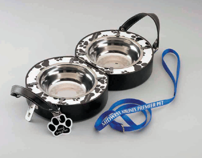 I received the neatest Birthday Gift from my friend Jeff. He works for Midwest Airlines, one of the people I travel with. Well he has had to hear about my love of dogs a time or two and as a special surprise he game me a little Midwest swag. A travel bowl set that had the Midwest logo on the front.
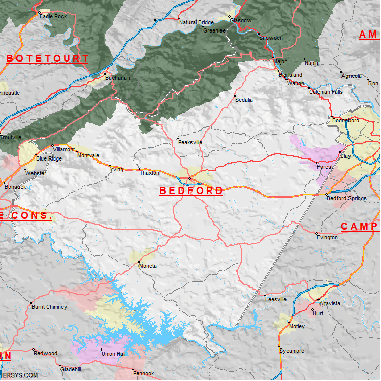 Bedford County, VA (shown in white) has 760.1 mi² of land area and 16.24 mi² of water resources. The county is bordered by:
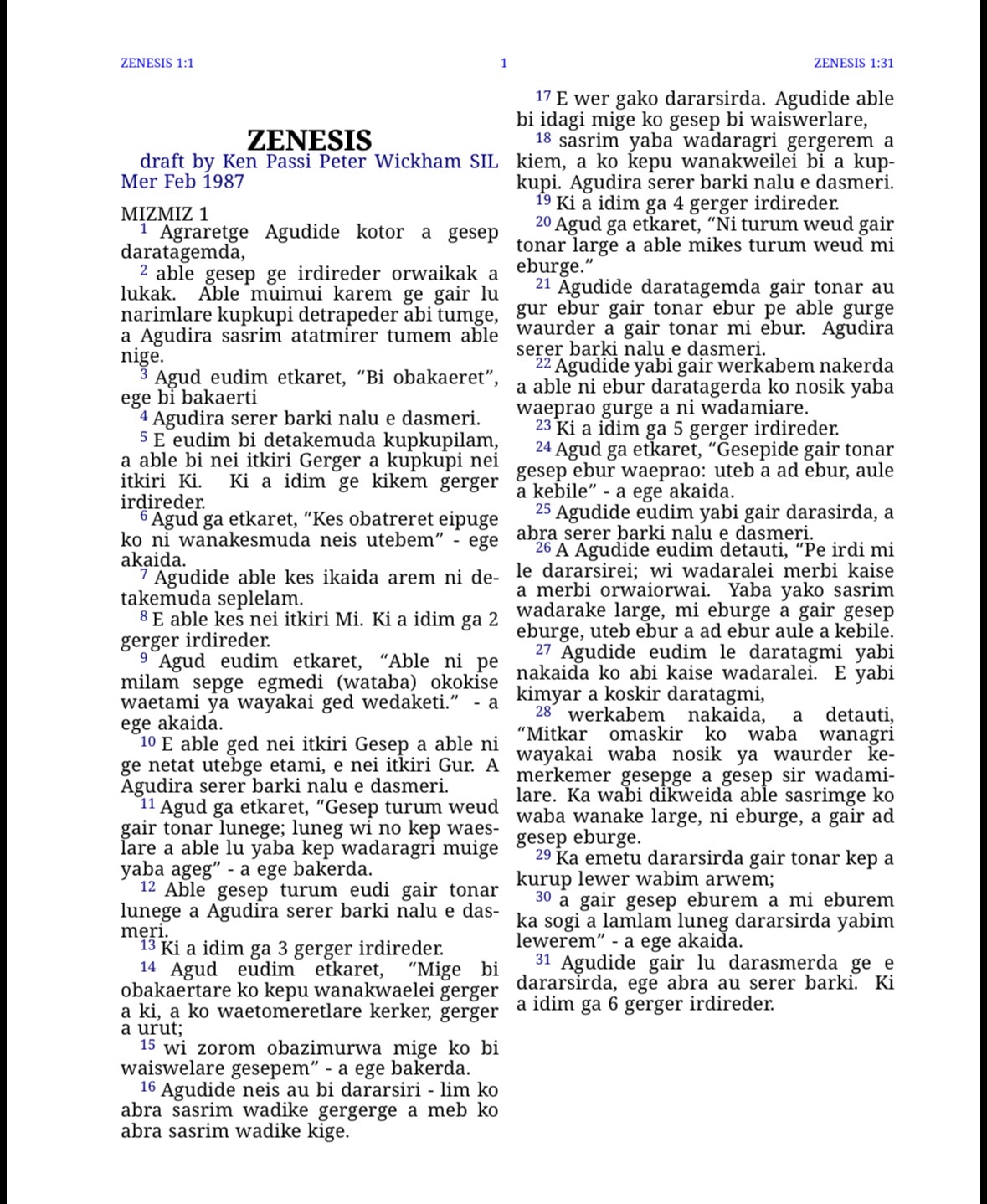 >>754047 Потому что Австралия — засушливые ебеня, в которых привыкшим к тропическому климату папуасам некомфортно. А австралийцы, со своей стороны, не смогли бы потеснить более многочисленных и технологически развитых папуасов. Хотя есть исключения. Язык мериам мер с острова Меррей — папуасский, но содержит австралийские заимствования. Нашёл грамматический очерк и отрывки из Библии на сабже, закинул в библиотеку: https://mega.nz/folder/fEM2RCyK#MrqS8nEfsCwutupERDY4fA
___
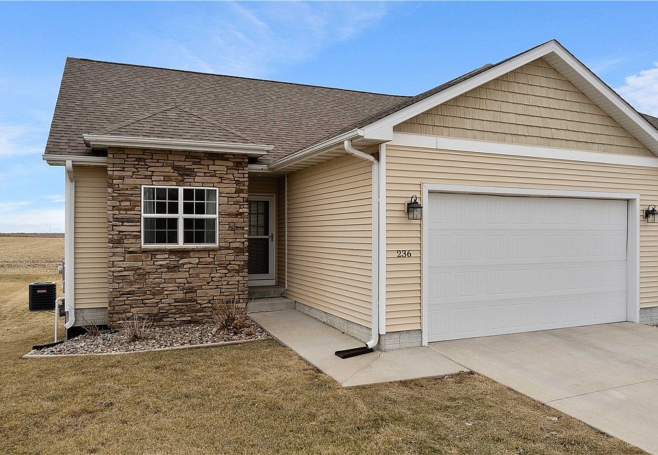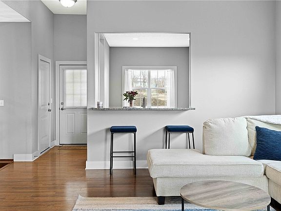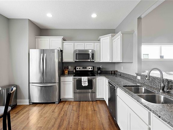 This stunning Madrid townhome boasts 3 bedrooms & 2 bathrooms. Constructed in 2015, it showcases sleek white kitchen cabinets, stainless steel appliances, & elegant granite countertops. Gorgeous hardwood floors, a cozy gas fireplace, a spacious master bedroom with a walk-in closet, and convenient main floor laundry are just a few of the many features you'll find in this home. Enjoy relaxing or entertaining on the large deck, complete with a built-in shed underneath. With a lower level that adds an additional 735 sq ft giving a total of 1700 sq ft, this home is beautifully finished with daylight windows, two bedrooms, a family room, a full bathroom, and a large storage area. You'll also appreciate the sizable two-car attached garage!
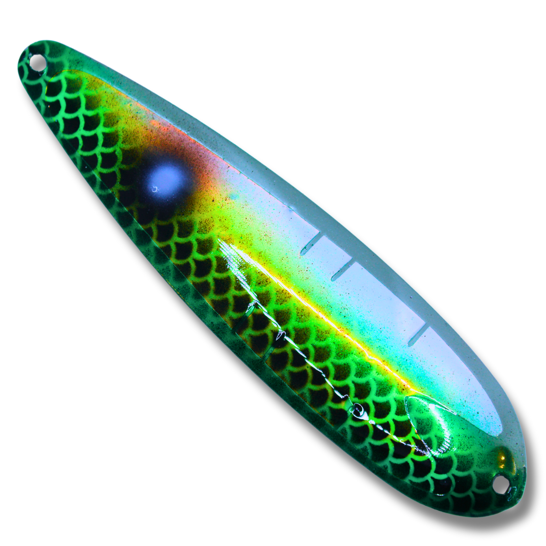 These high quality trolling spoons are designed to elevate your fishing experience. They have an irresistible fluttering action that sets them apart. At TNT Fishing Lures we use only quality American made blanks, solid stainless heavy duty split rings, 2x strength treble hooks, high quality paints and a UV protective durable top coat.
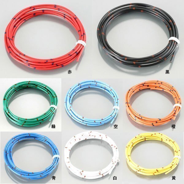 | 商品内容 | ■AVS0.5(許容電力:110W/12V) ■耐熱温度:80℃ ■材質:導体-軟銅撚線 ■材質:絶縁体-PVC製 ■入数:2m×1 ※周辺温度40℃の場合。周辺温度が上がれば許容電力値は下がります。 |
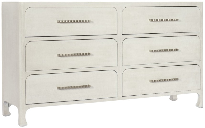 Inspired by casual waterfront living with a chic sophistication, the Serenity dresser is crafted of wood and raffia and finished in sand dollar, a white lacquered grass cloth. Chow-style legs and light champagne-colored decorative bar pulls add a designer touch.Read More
___
> **TASK BRIEF**:
Print from the line containing "These high quality" through the line containing "Inspired by casual" in the data above, exactly as the lines stand, and omit every picture.

> **WRITTEN ANSWER**:
 These high quality trolling spoons are designed to elevate your fishing experience. They have an irresistible fluttering action that sets them apart. At TNT Fishing Lures we use only quality American made blanks, solid stainless heavy duty split rings, 2x strength treble hooks, high quality paints and a UV protective durable top coat.
 | 商品内容 | ■AVS0.5(許容電力:110W/12V) ■耐熱温度:80℃ ■材質:導体-軟銅撚線 ■材質:絶縁体-PVC製 ■入数:2m×1 ※周辺温度40℃の場合。周辺温度が上がれば許容電力値は下がります。 |
 Inspired by casual waterfront living with a chic sophistication, the Serenity dresser is crafted of wood and raffia and finished in sand dollar, a white lacquered grass cloth. Chow-style legs and light champagne-colored decorative bar pulls add a designer touch.Read More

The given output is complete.